Надо же, а мне Оксанка ничего не сказала! Впрочем, есть ли разница в том, что моя боевая подруга могла просто об этом забыть, или, узнав о нашем конфликте с Дианой (а Диана ей очень нравилась), попыталась нас помирить, или же выдала Рыжаковой мой телефон, решив таким образом выцепить меня из объятий Светки, которую Оксана недолюбливала по изложенным выше причинам?
– Чего ж не отправила? – тем не менее, интересуюсь я.
– Ну, ты тогда со мной… – Диана ищет подходящее слово и как всегда бывает в подобных случаях, находит самое неподходящее, – не дружил. Ой! – она прихлопывает ладонью рот и заразительно хохочет: – Слушай, Ром, я, если честно, до сих пор не знаю, как вести себя с тобой. Просто ты совсем не такой, каким я тебя себе представляла.
«Вот и я не знаю, каким я с тобой стану. Правда, я знаю, каким я был до этого дня».
– Да, понимаю. Ну что, пока? – потянув ее к себе, целую ее в щеку. – До завтра, Диана.
– До завтра. – В последний раз взглянув на меня, она прикусывает губу, резко разворачивается на каблуке и торопливо скрывается от меня в подъезде. Посмотрев на ее окна, я отхожу в сторону, прислоняюсь спиной к стволу липы, прячу руки в карманы и, прикрыв глаза, принимаюсь снова рассматривать ее окна. Проходит минута, другая, и на шестом этаже вспыхивает третье слева окно. Потом приходит ее смс: «Рома, я дома».

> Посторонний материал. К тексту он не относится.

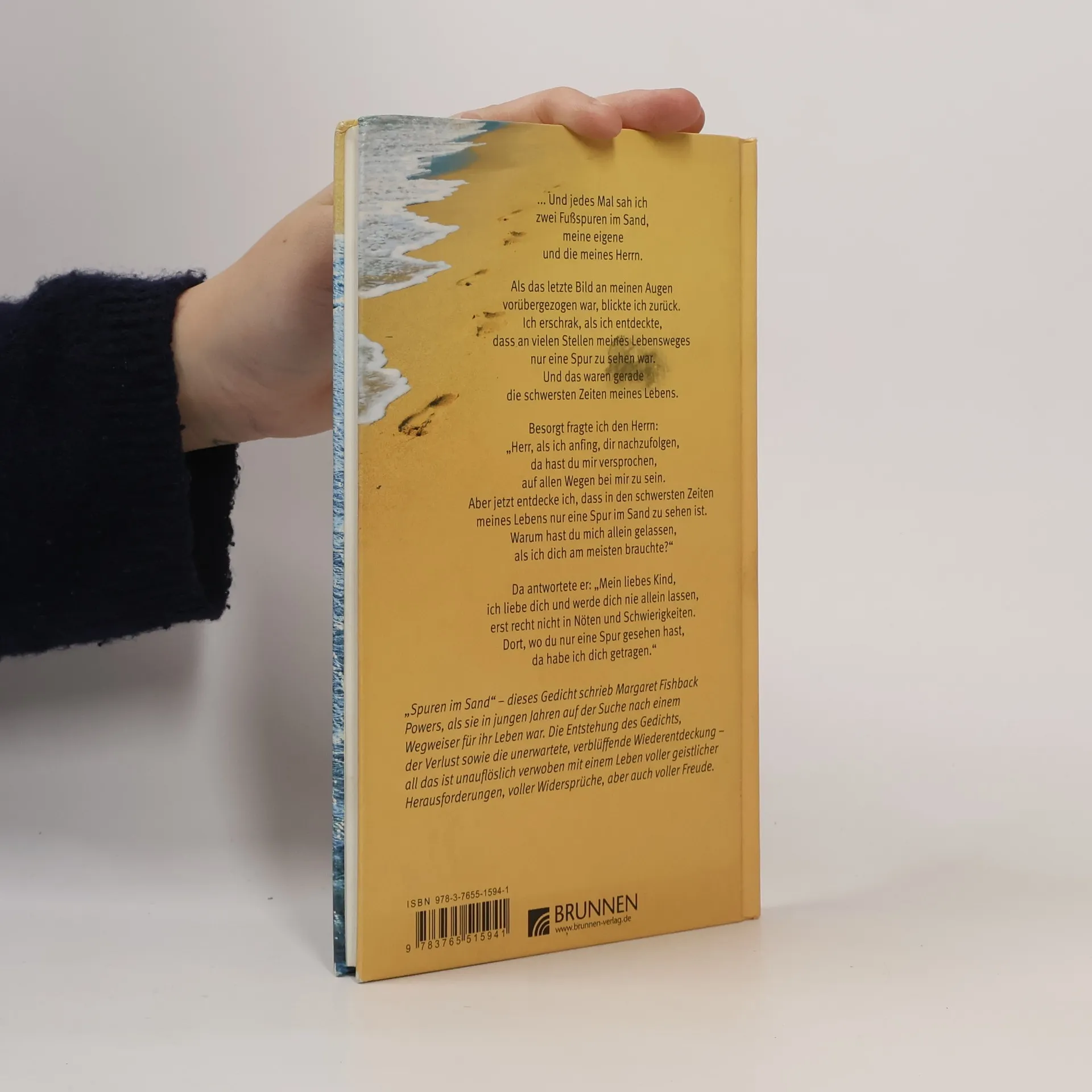 Dieses Gedicht schrieb M. Fishback Powers in einer tiefen Lebenskrise. Bevor sie an Gott und der Welt verzweifelt, bekommt sie die Antwort: „Mein liebes Kind, ich liebe dich und werde dich nie allein lassen, erst recht nicht in Nöten und Schwierigkeiten. Dort, wo du nur eine Spur gesehen hast, da habe ich dich getragen.“" Lesen Sie hier das Gedicht und seine Geschichte: Die Entstehung des Gedichts, der Verlust sowie die unerwartete Wiederentdeckung - als das ist unauflöslich verwoben mit einem Leben voller geistlicher Herausforderungen, voller Widersprüche, aber auch voller Freude.

«Отлично», – я разворачиваюсь и, подняв воротник куртки, иду к черному зёву метро.
В тот день я понял, что я влюбляюсь в неё. Но прежде, чем быть ее первым, я должен был стать ее другом…»
***
– Ром, прости, ты там часом не задремал? – насмешливый голос Дианы из настоящего вырывает меня из воспоминаний о Диане из прошлого. Сообразив, что я, углубившись в туннели памяти, уже минут пять как не свожу взгляда с ее руки, которую она перенесла на спинку стоящего впереди стула, поднимаю глаза:
– Да нет, я смотрю.
У Рыжаковой безумно красивые длинные пальцы. Аккуратные миндалевидные лунки ногтей покрыты светлым матовым лаком. Впрочем, она и при мне никогда не грешила вызывающим маникюром. Правда, как-то раз под Новый год выкрасила ногти ярко-зеленым, но заметив мой насмешливый взгляд и невысказанное вслух «фи», забила на новомодные веяния, и с тех пор был либо френч, либо, как сейчас, nude.
«Неизменная классика», – думаю я. Следом почему-то приходит мысль, что классическим считается и то, что любовь – серьезное психическое заболевание. Хотя жизнь без него, в общем, не протекает.
– И куда ты смотришь, по-твоему? – Рыжакова приподнимает бровь.
– Как куда? На сцену.
Но смотрю-то я как раз на Диану.
– Не знаю, куда ты втыкаешь, Ром, но тут, – она осторожно барабанит пальцами по спинке стоящего перед ней стула, – ну никак не сцена.
– Что, что я делаю? – моментально заинтересовался я.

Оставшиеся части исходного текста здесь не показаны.